It is hard to believe all that has happened so far this year; a war, an energy crisis, high inflation, huge rises in interest rates and the Bank of England stepping in to effectively stop the pound from a total collapse.
In this Autumn newsletter we attempt to explain and provide some understanding of some of these events, particularly those over the past few weeks with both a market insight and outlook. This newsletter has had to be re-written several times due to the significant changes which have occurred over the past few weeks.
Firstly, our message and advice in these uncertain times is…Don’t panic! Staying calm is a challenge given our world of 24/7 news which has not been the most positive for a while, time in the market and not timing the market is always key. It is never comfortable going through these volatile times and we have had our fair share of events providing significant volatility to global markets, particularly in the last few years.
To illustrate the point the chart below outlines performance in 5 key investment areas, as you can see equities always recover as history has shown us, time after time:
Source Quilter Investors – Return in pounds sterling 28th February 1992 to February 2022
The most recent event which created volatility was just a few weeks ago when the Bank of England had to essentially bail out the Government for their ill thought-out mini budget, with a significant commitment to purchase long dated Government Bonds (gilts), essentially printing money, to the tune of £65bn. This being a complete turnaround on their announcement previously when they had confirmed they will sellgilts in order to unwind all the Quantitative Easing which dates back to the financial crises of 2008/9 and 2020, at the time of the Covid outbreak.
Why is this significant? Firstly, the Bank of England has ONLY intervened when there has been a global crisis affecting financial markets’ stability to function properly. This intervention was seen as a necessary step in reaction to the Government’s mini budget, one which has faced criticism from all angles including, rather embarrassingly, the IMF which usually only comments on the activities of some emerging markets, not a member of the G7.
The Bank of England, faced with a collapse in the price of gilts and the pound, had no option but to intervene as it was forcing pension funds (final salary schemes, annuities, corporate schemes) and big banks on international markets to sell gilts which was forcing the price lower. If they had not intervened, pension funds may not have been able to pay their debts which would have had significant repercussions for pension members.
The fallout from all of this is the impact on interest rates, with a record number of mortgage deals being withdrawn as lenders try to establish how high rates are going to go in the coming months. The pound and the gilt market have rallied, due to expectations that the tax cuts will have to be ditched or severely delayed.
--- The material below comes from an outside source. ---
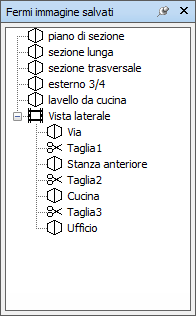 La finestra Fermi immagine salvati è una finestra agganciabile che consente di creare e gestire differenti viste del modello, per passare a fermi immagine preimpostati senza dover navigare ogni volta per raggiungere l'elemento desiderato.

There has been some reason to cheer with renewed optimism in equity markets, the upbeat mood was largely due to “growing speculation that central banks could soon pivot towards a more dovish stance”, wrote analysts at Deutsche Bank, which showed US manufacturing activity was lower than anticipated in September, suggesting a cooling in the US economy. This could be a sign that central bankers may be easing off aggressive interest rate moves.
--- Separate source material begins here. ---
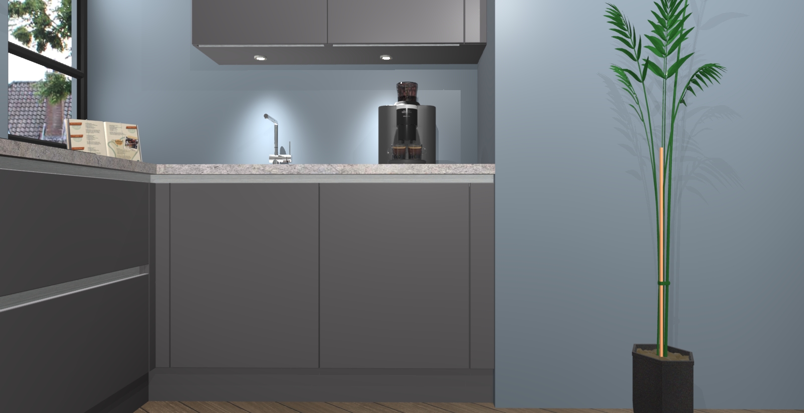 In deze box zijn alle kleuren verzameld van de deuren en werkbladen. Vraag de gratis kleurenbox aan en kijk thuis rustig verder!

However, we live in strange times, where good news is not always seen as good. Last week the US released data on continued high employment rates, this would normally be seen as very good news, showing that an economy is doing well, however markets reacted badly to this with a sharp sell off. The sell off was due to the fact that the data will only force the Federal Reserve to keep raising interest rates, until they see continued signs of a slowdown in the economy and, more importantly, inflation.
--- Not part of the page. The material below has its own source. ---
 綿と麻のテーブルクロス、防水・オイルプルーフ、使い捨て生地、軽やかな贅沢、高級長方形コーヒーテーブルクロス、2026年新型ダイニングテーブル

It all is very unnerving and again we are faced with an unprecedented set of scenarios, so where is the good news; something that can provide us with a positive outlook?
Whilst 2023, has a mixed outlook, it does offer some hope. Earnings from companies, whilst expected to be less than this year should be helped by the easing of supply chain issues which have dogged 2021/22. Energy prices are expected to fall from their elevated levels; both of these will help reduce inflation from the record highs we have seen, although it will remain well above central bank’s target of 2%.
However, a lot does depend on how the situation in Ukraine plays out over the coming months, along with the effects on economies from higher global interest rates.
In summary the news headlines can be very dramatic and make us all nervous about the present and future, however often the actual data behind the headlines is very much more mundane. We, as always continue to monitor your portfolios taking the long term view, and it is important to remember that as we saw in 2020 markets can fall sharply, however once a recovery starts, it’s pace can catch the market by surprise.